§ Task goal
Return the complete listing exactly as it reads, with each picture removed.

§ The data
━━━━━━━━

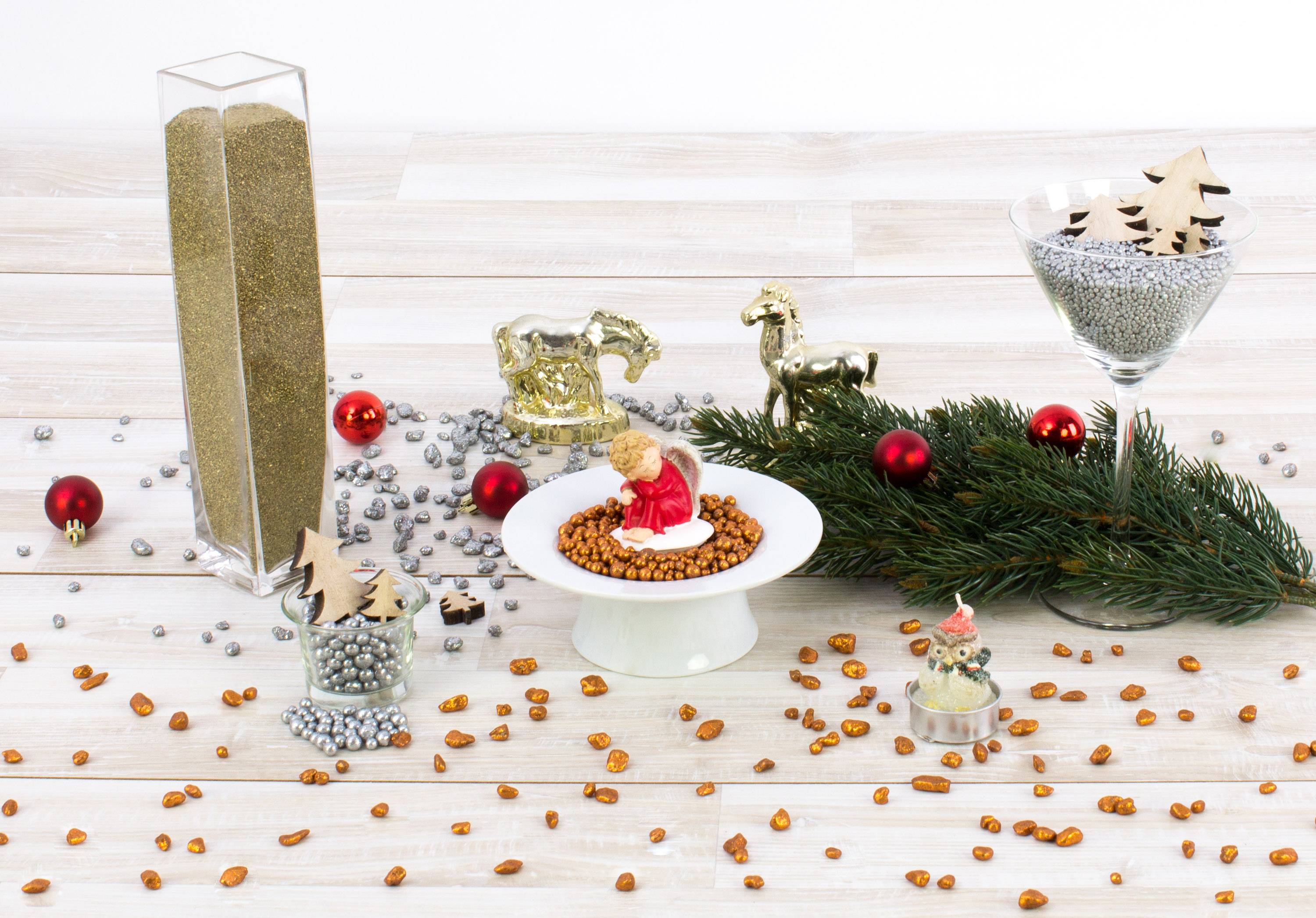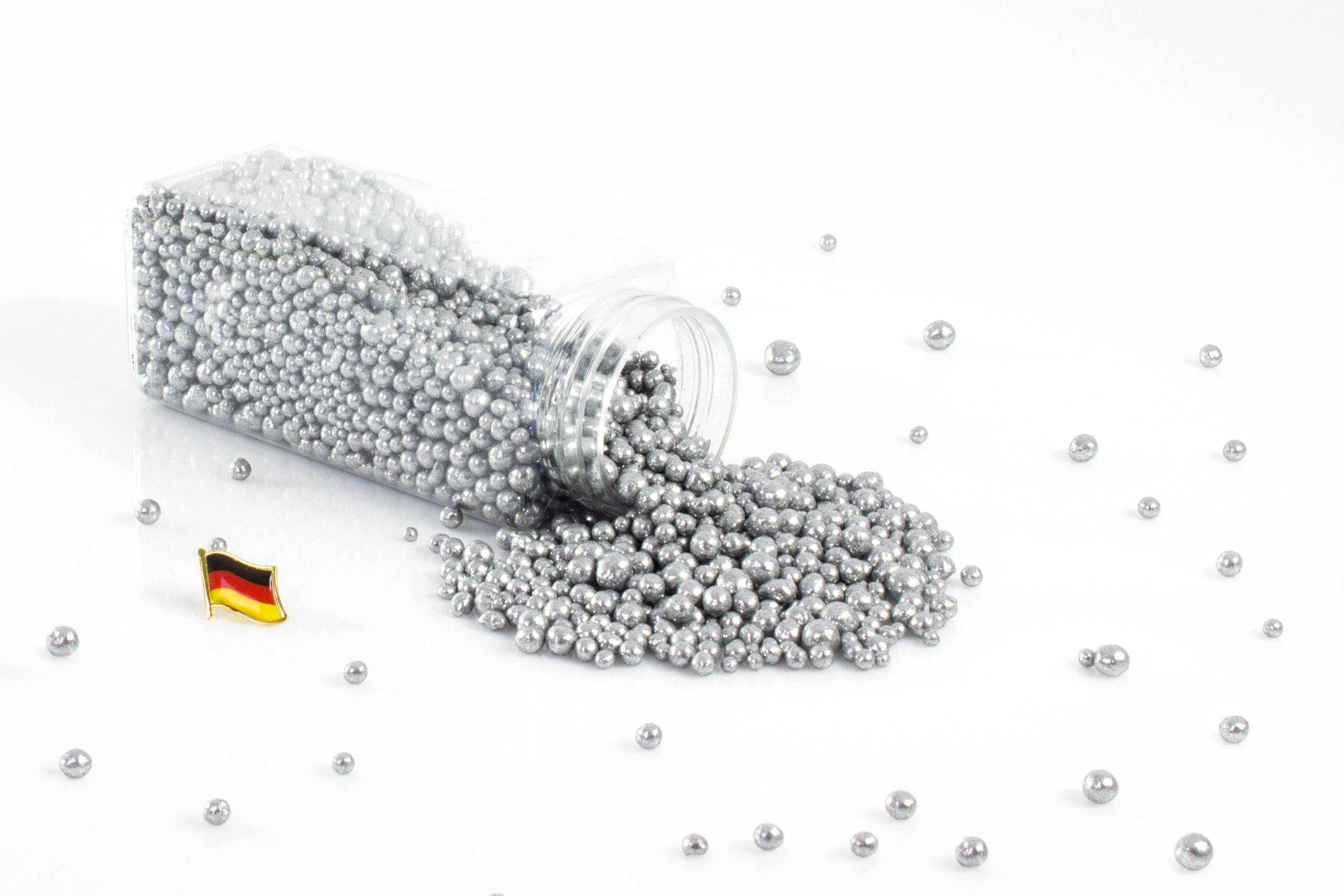 Perles décoratives / billes d'argile PERLA, argent scintillant, 2-8mm, bouteille de 605ml, fabriqué en Allemagne
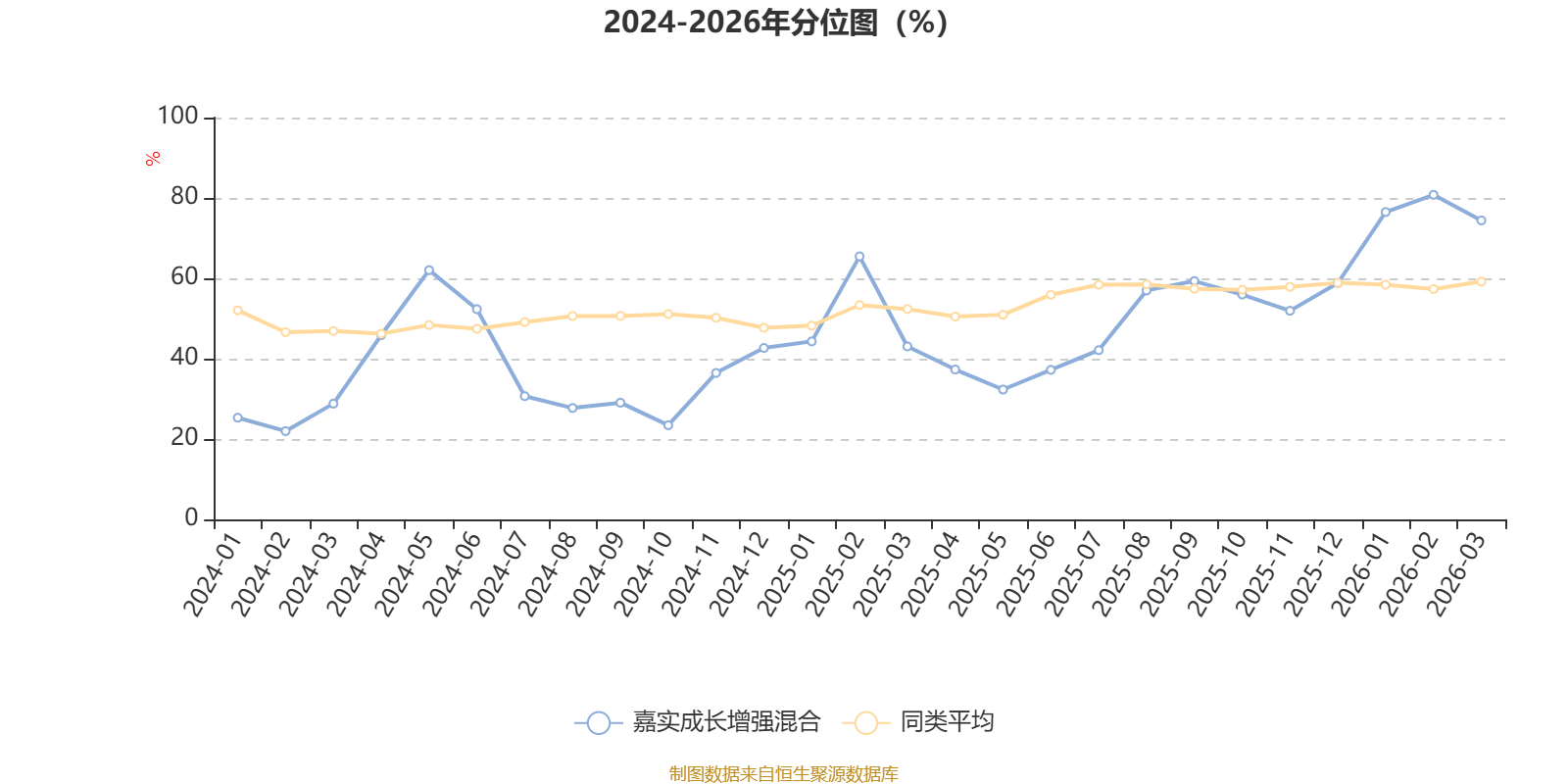 通过所选区间该基金净值增长率分位图,可以观察该基金与同类基金业绩比较情况。图为坐标原点到区间内某时点的净值增长率在同类基金中的分位数。
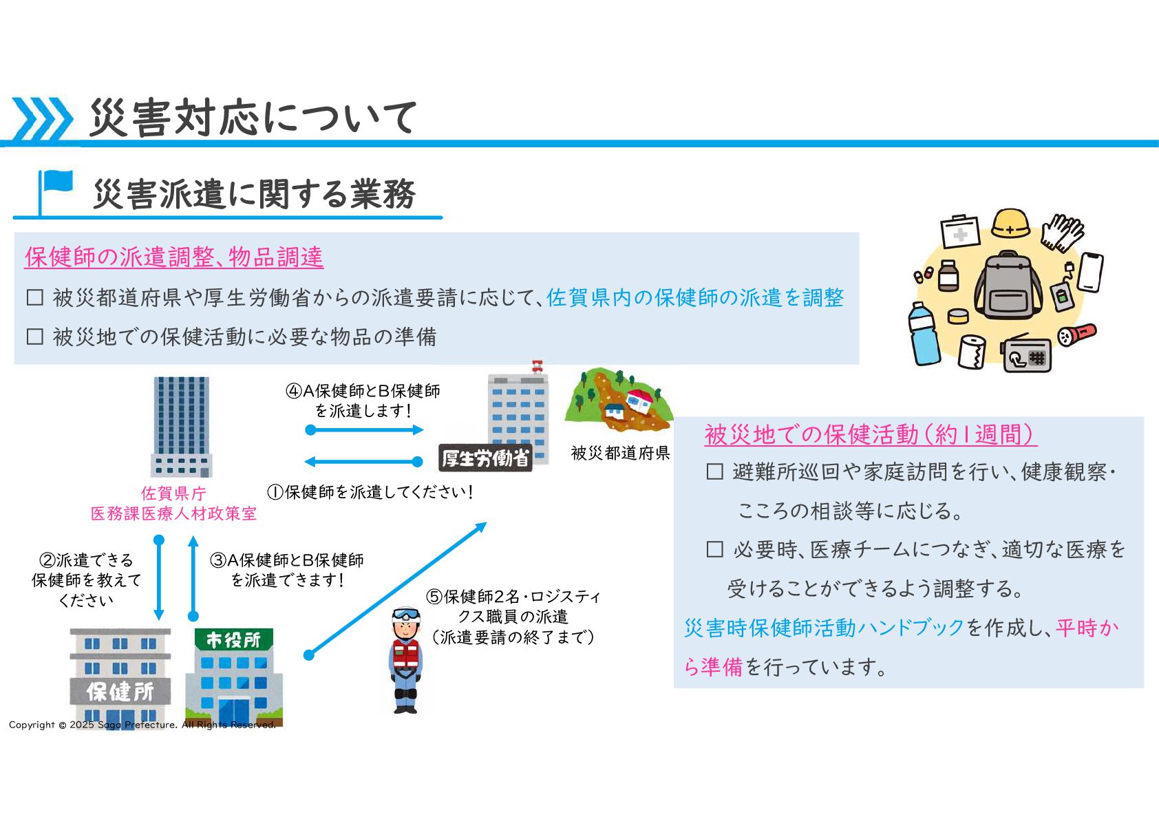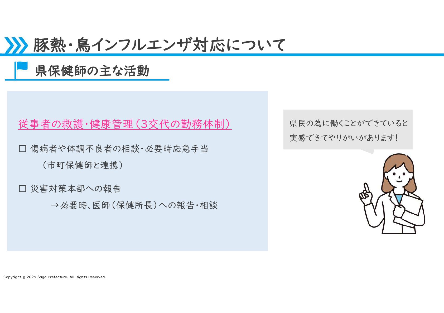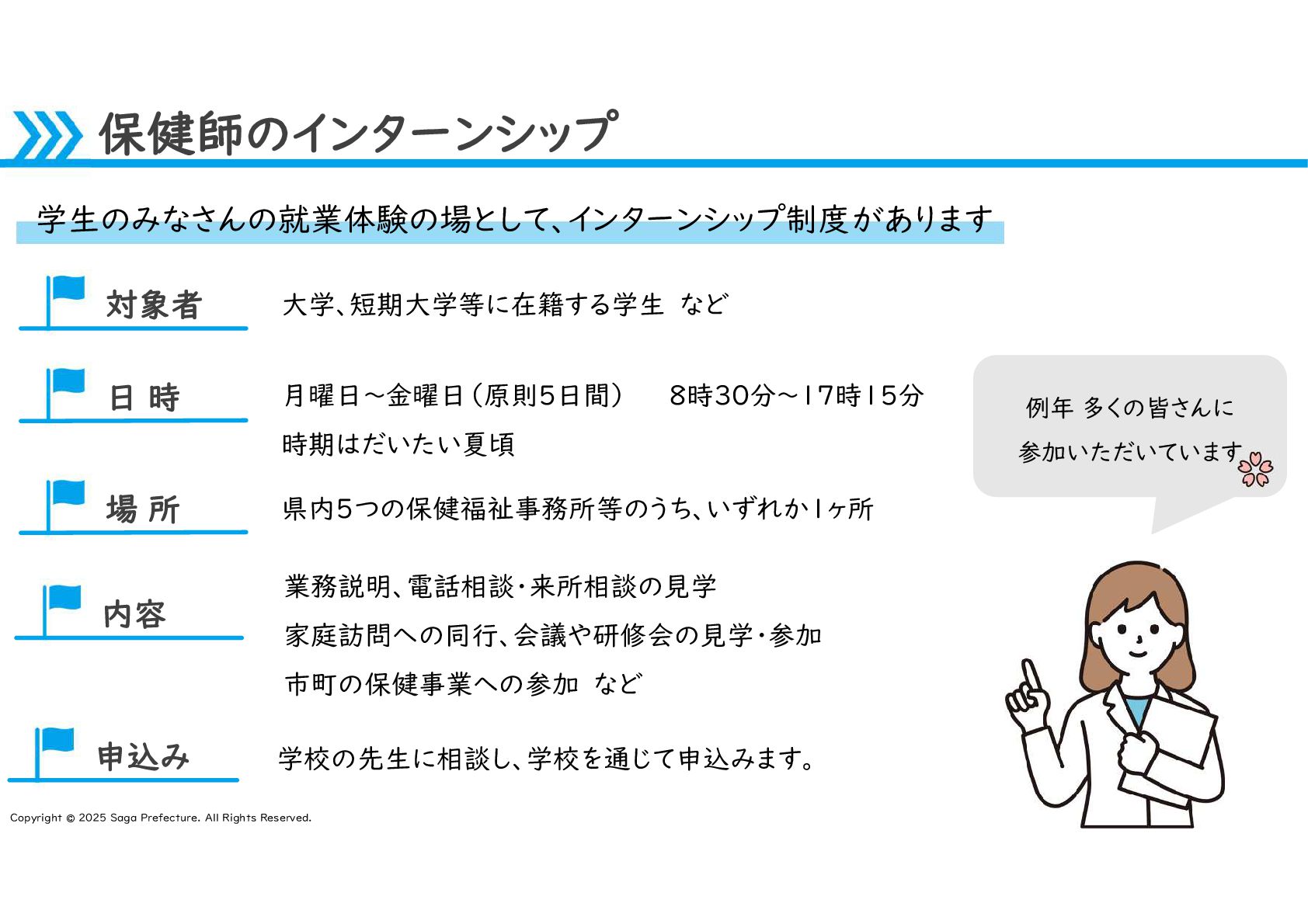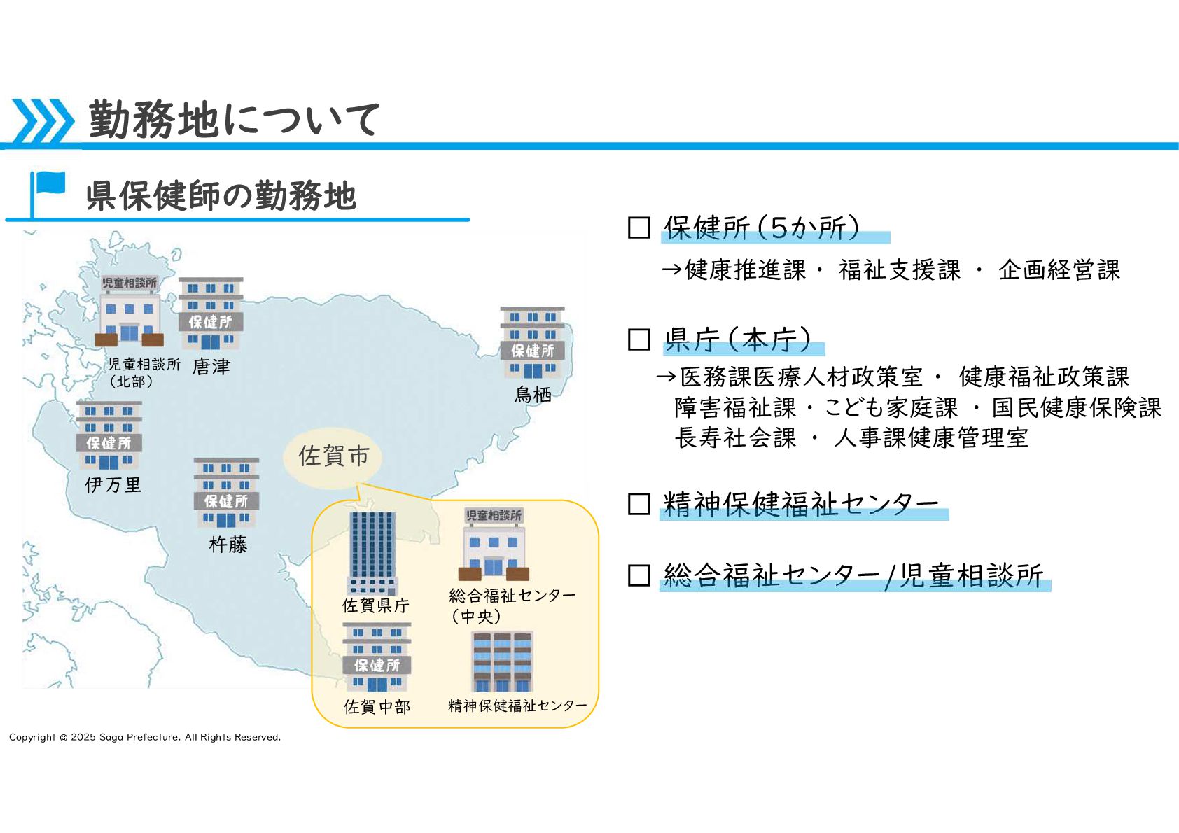 14:00 15:00 16:00 17:15 退勤 事務作業 電話相談 来所相談 お昼休み 家庭訪問 準備 家庭訪問 報告及び 訪問記録 患者家族会 に参加 退勤 参加結果 記録 お昼休み 電話相談 事業企画 打ち合わせ 退勤 同期とランチ 新任期 保健師 研修会 事務作業 ケース会議 の準備 相談記録 年休 来所相談 準備 来所相談 通報対応 退勤 会議、対応 記録 お昼休み ケース会議 @病院 電話相談 保健師のある1週間 出張や家庭訪問など所外にでることも多い! 予定を調整しながら年休をとって、仕事もプライベートも充実させることができる! Copyright © 2025 Saga Prefecture. All Rights Reserved.
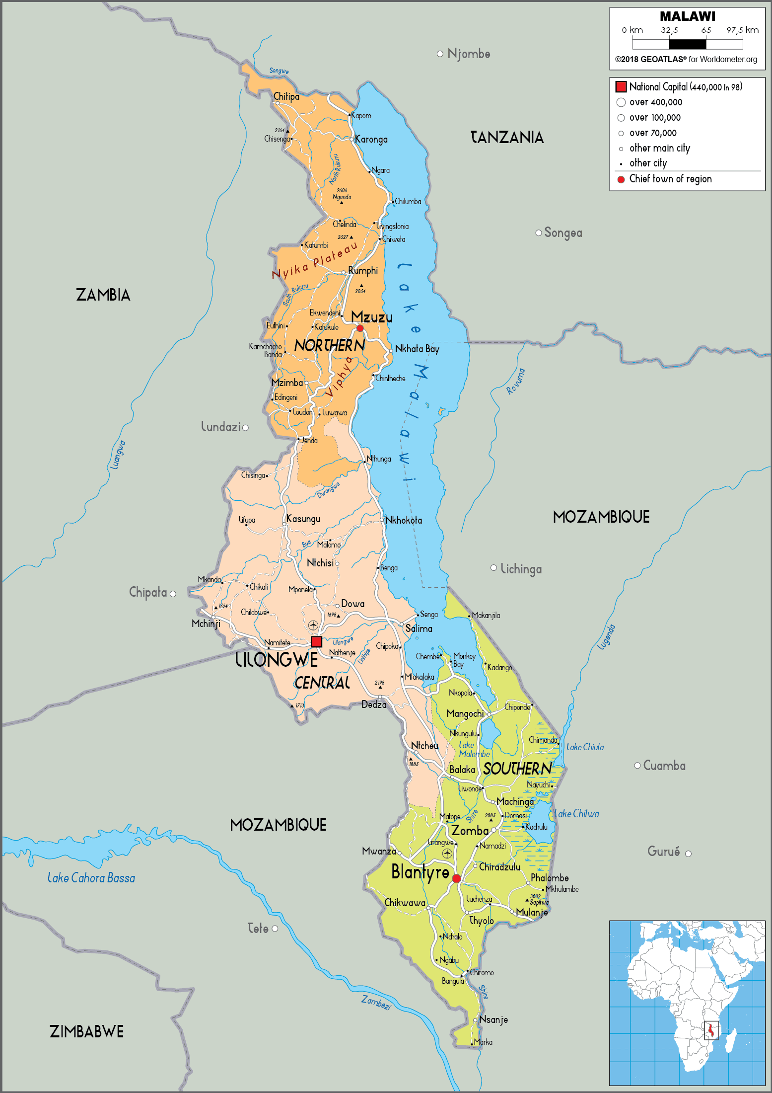 Malawi Political Map

━━━━━━━━

§ Task result
 Perles décoratives / billes d'argile PERLA, argent scintillant, 2-8mm, bouteille de 605ml, fabriqué en Allemagne
 通过所选区间该基金净值增长率分位图,可以观察该基金与同类基金业绩比较情况。图为坐标原点到区间内某时点的净值增长率在同类基金中的分位数。
 14:00 15:00 16:00 17:15 退勤 事務作業 電話相談 来所相談 お昼休み 家庭訪問 準備 家庭訪問 報告及び 訪問記録 患者家族会 に参加 退勤 参加結果 記録 お昼休み 電話相談 事業企画 打ち合わせ 退勤 同期とランチ 新任期 保健師 研修会 事務作業 ケース会議 の準備 相談記録 年休 来所相談 準備 来所相談 通報対応 退勤 会議、対応 記録 お昼休み ケース会議 @病院 電話相談 保健師のある1週間 出張や家庭訪問など所外にでることも多い! 予定を調整しながら年休をとって、仕事もプライベートも充実させることができる! Copyright © 2025 Saga Prefecture. All Rights Reserved.
 Malawi Political Map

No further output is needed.